### Dataset content

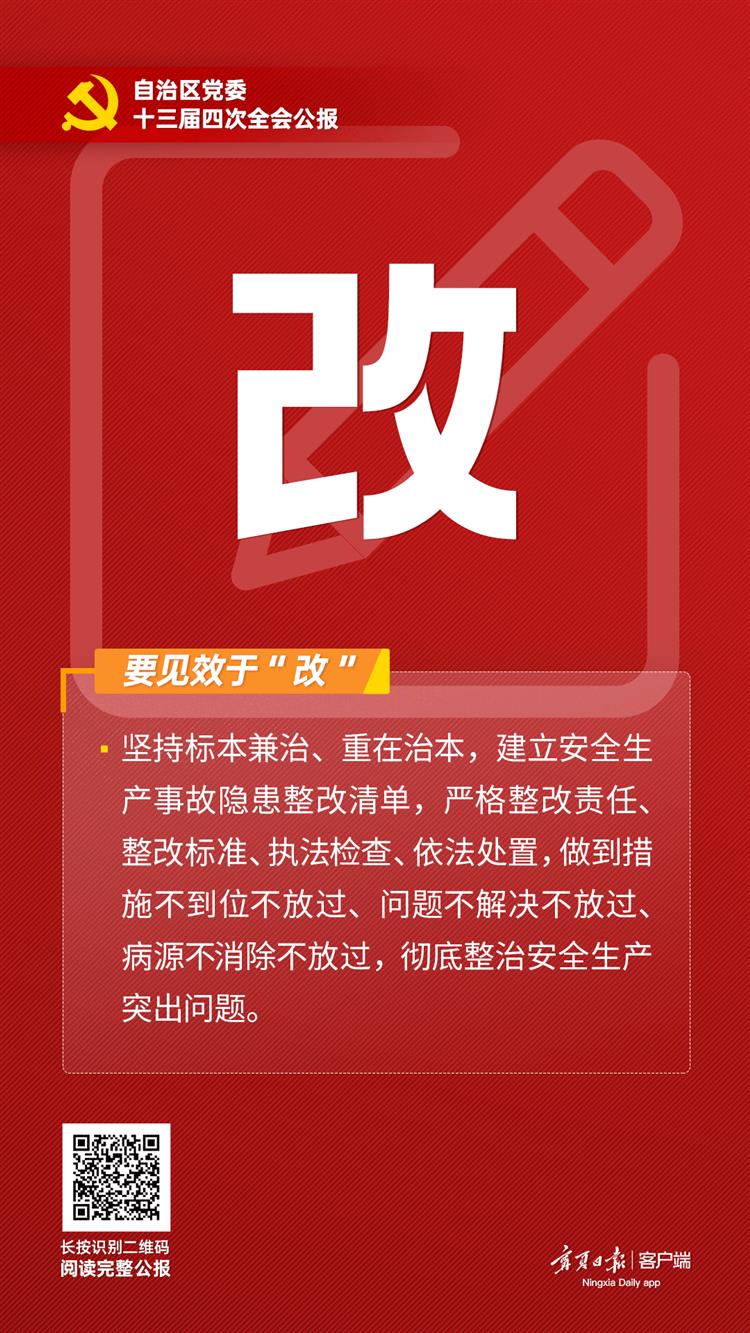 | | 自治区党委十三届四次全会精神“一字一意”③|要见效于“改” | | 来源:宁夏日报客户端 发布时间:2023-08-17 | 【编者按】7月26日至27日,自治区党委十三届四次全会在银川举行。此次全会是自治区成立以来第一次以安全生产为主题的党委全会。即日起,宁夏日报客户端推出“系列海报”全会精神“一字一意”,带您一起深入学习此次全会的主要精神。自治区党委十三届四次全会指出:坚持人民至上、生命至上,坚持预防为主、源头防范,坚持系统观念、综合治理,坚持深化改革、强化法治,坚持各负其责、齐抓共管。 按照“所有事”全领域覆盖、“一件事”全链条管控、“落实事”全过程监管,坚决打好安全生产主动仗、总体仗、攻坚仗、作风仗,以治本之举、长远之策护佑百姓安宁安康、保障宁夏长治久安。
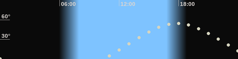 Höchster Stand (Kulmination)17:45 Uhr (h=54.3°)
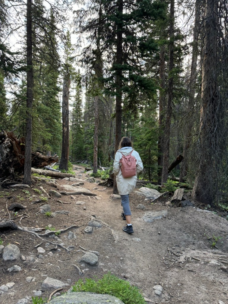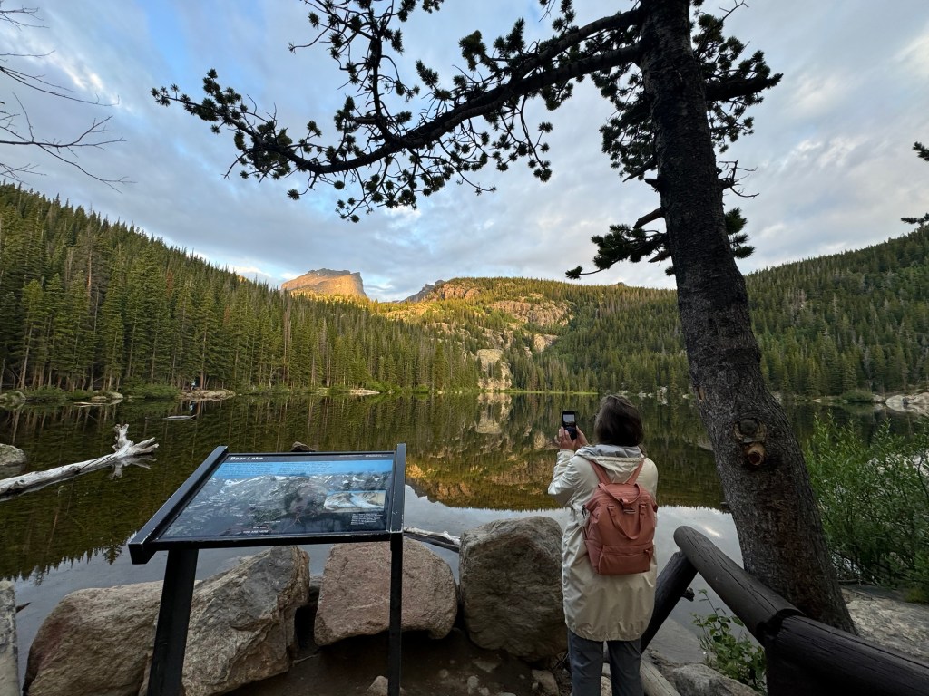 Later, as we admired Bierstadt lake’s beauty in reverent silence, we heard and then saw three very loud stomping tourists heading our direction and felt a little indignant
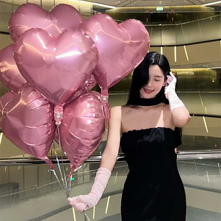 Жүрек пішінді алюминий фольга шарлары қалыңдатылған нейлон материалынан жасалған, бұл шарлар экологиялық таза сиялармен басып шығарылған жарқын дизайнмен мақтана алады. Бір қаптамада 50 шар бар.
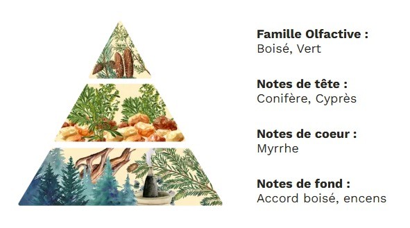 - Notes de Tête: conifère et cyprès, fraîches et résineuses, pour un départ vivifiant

######

- **To do**
Omit the pictures. Transcribe word for word the lines from the one containing "Жүрек пішінді алюминий" through the end of the listing, inclusive.

- **The completed task**
 Жүрек пішінді алюминий фольга шарлары қалыңдатылған нейлон материалынан жасалған, бұл шарлар экологиялық таза сиялармен басып шығарылған жарқын дизайнмен мақтана алады. Бір қаптамада 50 шар бар.
 - Notes de Tête: conifère et cyprès, fraîches et résineuses, pour un départ vivifiant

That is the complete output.